Ottawa Alderman Serving with Jules Morin (1963; 1965–1972) and Cecile O'Regan (1963–1964)
- In office 1963–1972
- Preceded by: Clem Aubin
- Succeeded by: Jules Morin
- Constituency: By Ward

Personal details
- Born: 1910
- Died: November 7, 1973 (aged 63)
- Spouse: Georgette Ranger (m. 1941)
- Children: 4

= Ralph Brunet =

Canadian politician

J. Raphaël "Ralph" Brunet (1910–November 17, 1973) was a Canadian politician. He served as an alderman on Ottawa City Council from 1963 to 1972, representing By Ward. He was known to speak little at council meetings, but was "highly regarded" by ward residents and for "getting things done". He promoted the integrity of the city's Byward Market, the use of the French language in municipal affairs, and securing of recreation facilities for young people.

==Early life==
Brunet was the son of Marie Louise ( Renaud) from Saint-Clet, Quebec and Francois d'Assise Brunet, from St. Albert, Ontario. At the time of Brunet's birth, his father worked as a general merchant in Moose Creek, Ontario. Brunet was known locally as an avid sportsman, having played as a defenceman in a local ice hockey league.
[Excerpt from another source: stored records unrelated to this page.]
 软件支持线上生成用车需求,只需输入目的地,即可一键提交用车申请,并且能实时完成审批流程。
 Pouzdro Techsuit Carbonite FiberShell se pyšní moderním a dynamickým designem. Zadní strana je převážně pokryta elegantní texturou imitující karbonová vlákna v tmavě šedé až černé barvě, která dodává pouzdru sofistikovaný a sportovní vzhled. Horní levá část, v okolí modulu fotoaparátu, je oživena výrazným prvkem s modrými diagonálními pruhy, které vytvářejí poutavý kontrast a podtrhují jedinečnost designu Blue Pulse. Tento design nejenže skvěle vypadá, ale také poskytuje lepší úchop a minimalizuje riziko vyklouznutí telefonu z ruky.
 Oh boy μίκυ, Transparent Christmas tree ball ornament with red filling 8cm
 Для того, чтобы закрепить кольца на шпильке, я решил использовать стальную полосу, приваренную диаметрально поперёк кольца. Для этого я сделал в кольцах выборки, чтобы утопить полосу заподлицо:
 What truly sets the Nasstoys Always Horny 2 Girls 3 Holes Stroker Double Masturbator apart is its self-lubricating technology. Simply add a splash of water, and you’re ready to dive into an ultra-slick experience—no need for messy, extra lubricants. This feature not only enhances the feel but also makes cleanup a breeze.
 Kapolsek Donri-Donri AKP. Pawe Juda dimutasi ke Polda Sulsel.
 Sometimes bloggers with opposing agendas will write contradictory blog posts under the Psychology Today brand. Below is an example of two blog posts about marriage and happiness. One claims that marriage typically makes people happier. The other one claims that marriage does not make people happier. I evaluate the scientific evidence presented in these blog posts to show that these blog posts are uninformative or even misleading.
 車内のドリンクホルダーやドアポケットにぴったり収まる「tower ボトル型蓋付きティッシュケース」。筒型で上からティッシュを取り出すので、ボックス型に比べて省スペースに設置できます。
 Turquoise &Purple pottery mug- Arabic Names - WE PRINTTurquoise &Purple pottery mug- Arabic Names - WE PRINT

He worked as an assistant foreman mason with the Department of Public Works. He was also a district deputy grand knight of the Knights of Columbus, vice president of La Salle Academy alumni, vice president of the Notre Dame Recreation Centre, and director of the Patro Boys' Club.

==Aldermanic career==
He ran for public office for the first time in the 1962 municipal election, running in By Ward. He made the announcement in mid-October of that year. On election day, he was elected in the two-seat ward, winning 2,952 votes, second place behind council dean Jules Morin, and over 700 votes ahead of the other incumbent, Clem Aubin, his brother-in-law, who lost his seat as a result. His stated priorities upon election included improving streets and sidewalks in Lowertown.
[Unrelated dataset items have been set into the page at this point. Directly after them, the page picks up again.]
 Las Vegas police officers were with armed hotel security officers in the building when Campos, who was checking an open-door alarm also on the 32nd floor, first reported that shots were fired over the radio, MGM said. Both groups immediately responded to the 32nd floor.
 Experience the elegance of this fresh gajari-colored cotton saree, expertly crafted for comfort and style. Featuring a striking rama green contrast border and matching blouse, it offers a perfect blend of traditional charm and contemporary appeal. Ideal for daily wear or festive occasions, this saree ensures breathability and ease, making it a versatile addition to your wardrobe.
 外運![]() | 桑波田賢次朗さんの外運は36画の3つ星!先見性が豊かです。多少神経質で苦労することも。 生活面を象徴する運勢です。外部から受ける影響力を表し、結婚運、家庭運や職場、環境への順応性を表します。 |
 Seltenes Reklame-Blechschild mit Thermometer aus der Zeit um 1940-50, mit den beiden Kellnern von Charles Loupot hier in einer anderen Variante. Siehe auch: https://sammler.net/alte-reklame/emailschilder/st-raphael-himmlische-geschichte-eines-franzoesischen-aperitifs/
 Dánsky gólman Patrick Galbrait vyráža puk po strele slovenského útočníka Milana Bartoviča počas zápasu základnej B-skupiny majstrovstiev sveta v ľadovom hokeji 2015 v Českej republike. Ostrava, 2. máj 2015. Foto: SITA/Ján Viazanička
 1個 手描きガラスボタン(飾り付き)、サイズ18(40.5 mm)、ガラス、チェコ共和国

Upon taking his seat on council, Brunet became a member of the council's Youth Services Board. Later in the year, he joined the Traffic committee. He also served on the children's aid, air pollution and travels committees.

In early November 1964, Brunet announced he was running for re-election in the 1964 municipal election. By the time of the election, he was also a member of the Saint-Jean-Baptiste Society. He ran on a platform of beautification of the Byward Market, more government buildings on Sussex Drive, and more bilingual signage. On election day, Brunet was re-elected winning By Ward's second seat again, picking up 3,805 votes, nearly 2,000 votes ahead of Aubin, who was attempting to win his old seat back.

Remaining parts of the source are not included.